▸ Data section:
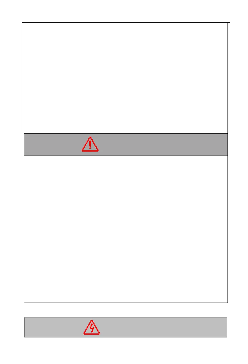 5. Never connect the input power line to terminals U, V, W.
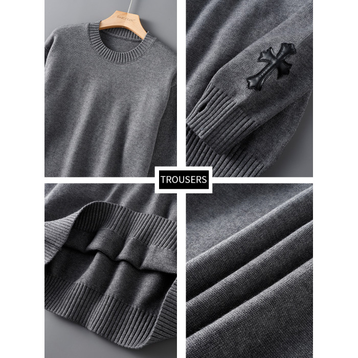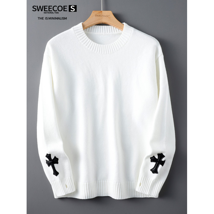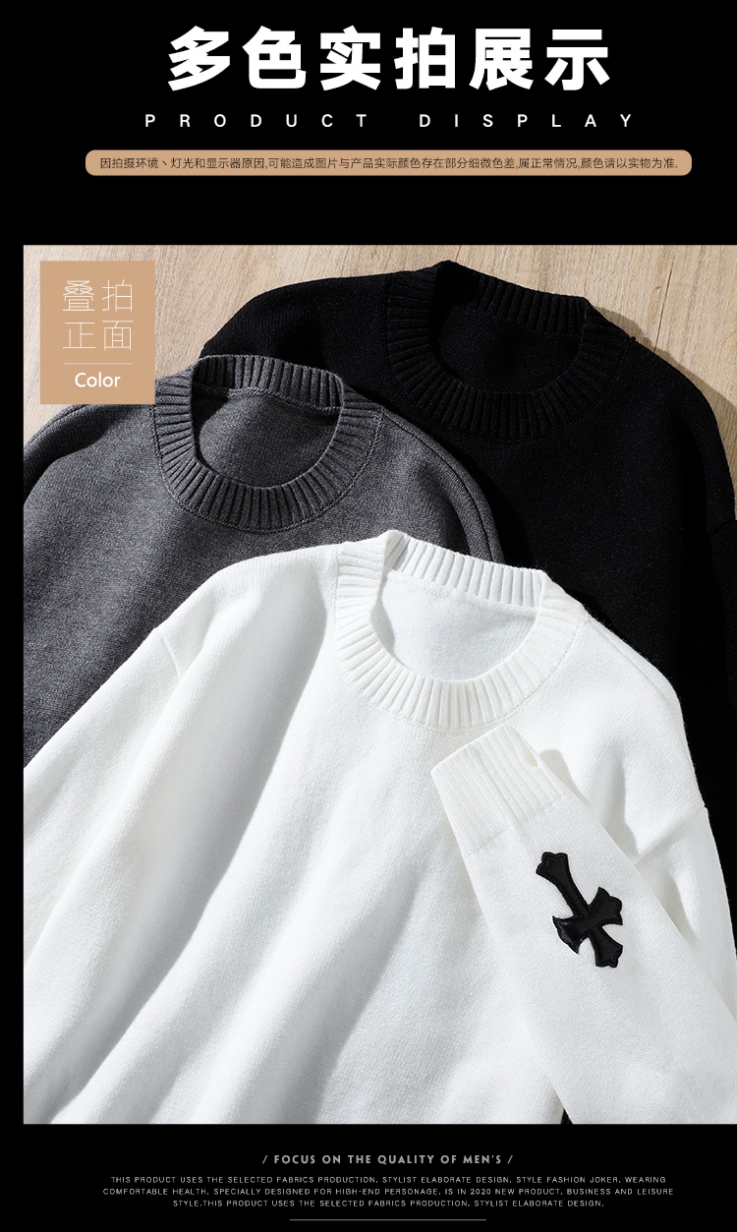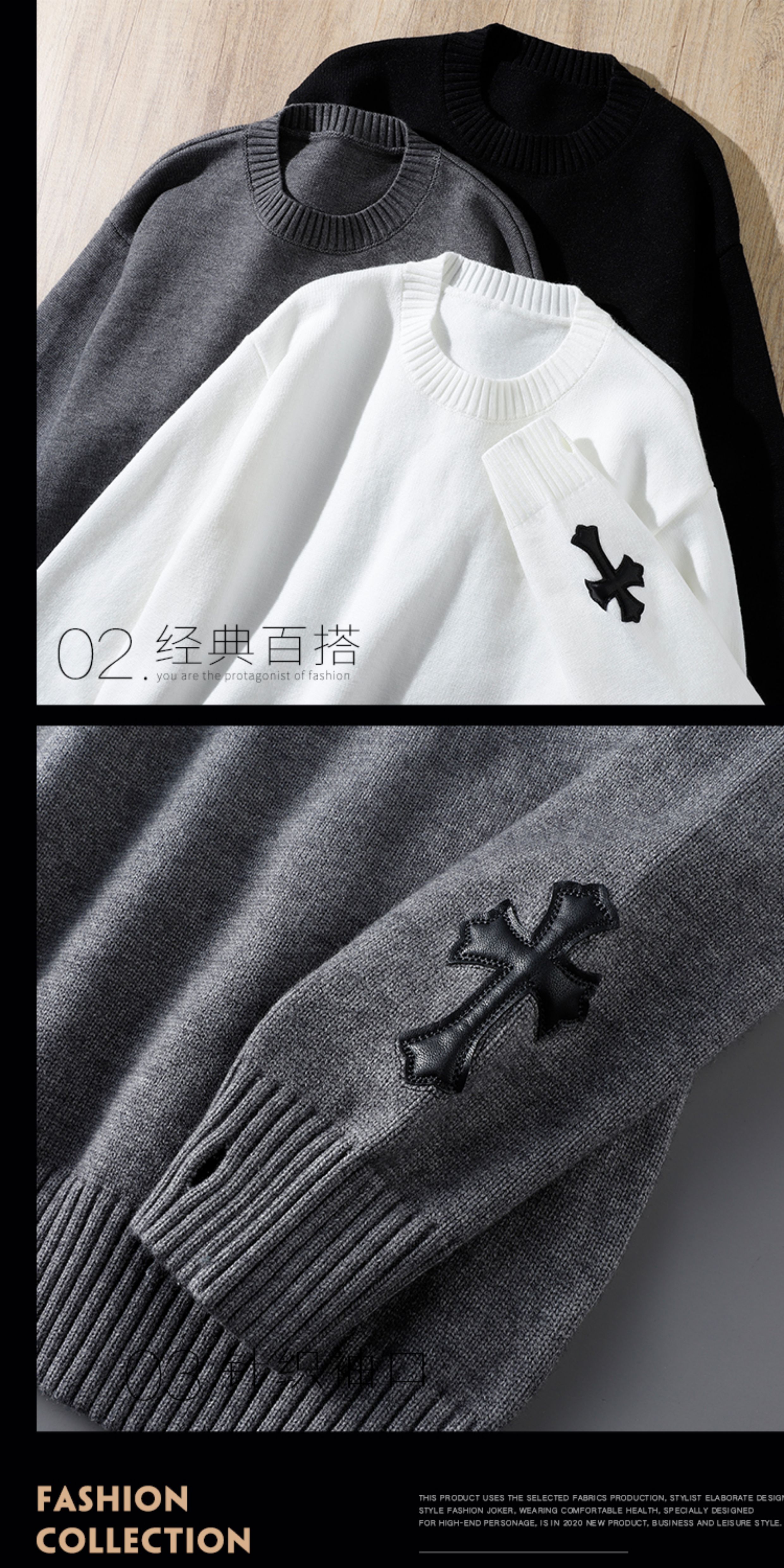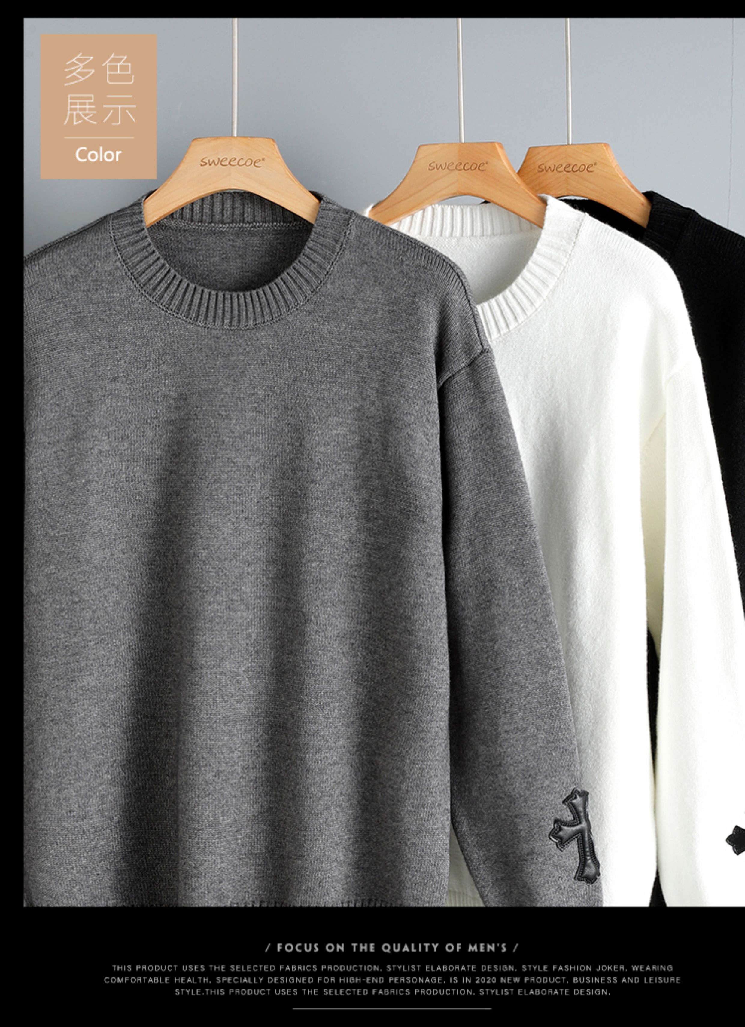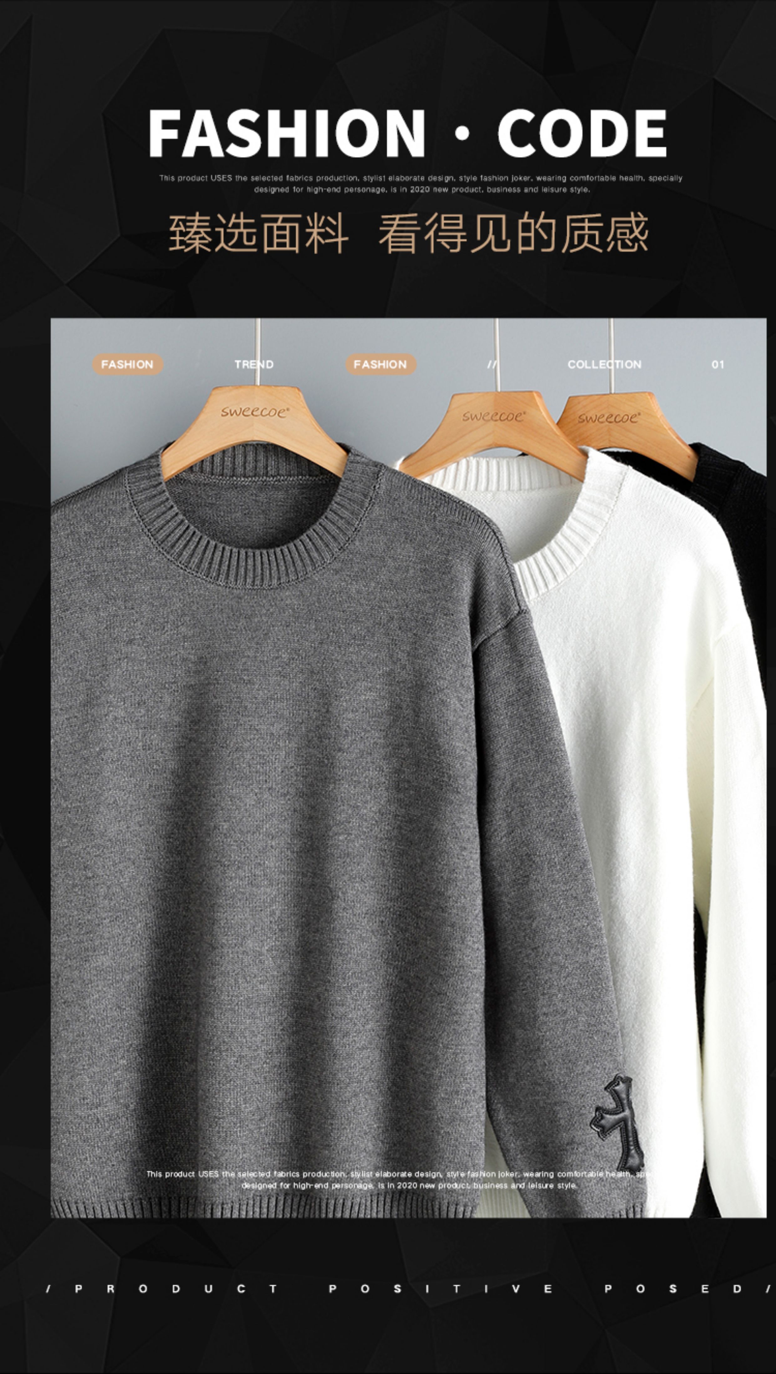SWEECOE氣質高支TB皮標 網紅ins潮牌寬松毛衣男士秋冬時尚慵懶風
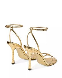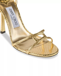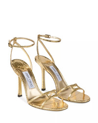 SIZE & FIT - Established in 1996, Jimmy Choo is a global luxury accessories brand. Celebrated for its confident style and craftmanship, the house is synonymous with design expertise and the art of celebrity dressing. - Headquartered in London and helmed by creative director Sandra Choi, the brand is a global powerhouse defined by glamour, optimism and joy. PRODUCT DETAILS - Runs small, order a half up - Open toe - Adjustable buckle ankle strap - 3.94" heel height - Leather upper, lining, and sole - Made in Italy Web ID: 5532641

▸ Exercise details: Set the pictures aside and transcribe the data above exactly.

▸ Response to the task:
 5. Never connect the input power line to terminals U, V, W.
SWEECOE氣質高支TB皮標 網紅ins潮牌寬松毛衣男士秋冬時尚慵懶風
 SIZE & FIT - Established in 1996, Jimmy Choo is a global luxury accessories brand. Celebrated for its confident style and craftmanship, the house is synonymous with design expertise and the art of celebrity dressing. - Headquartered in London and helmed by creative director Sandra Choi, the brand is a global powerhouse defined by glamour, optimism and joy. PRODUCT DETAILS - Runs small, order a half up - Open toe - Adjustable buckle ankle strap - 3.94" heel height - Leather upper, lining, and sole - Made in Italy Web ID: 5532641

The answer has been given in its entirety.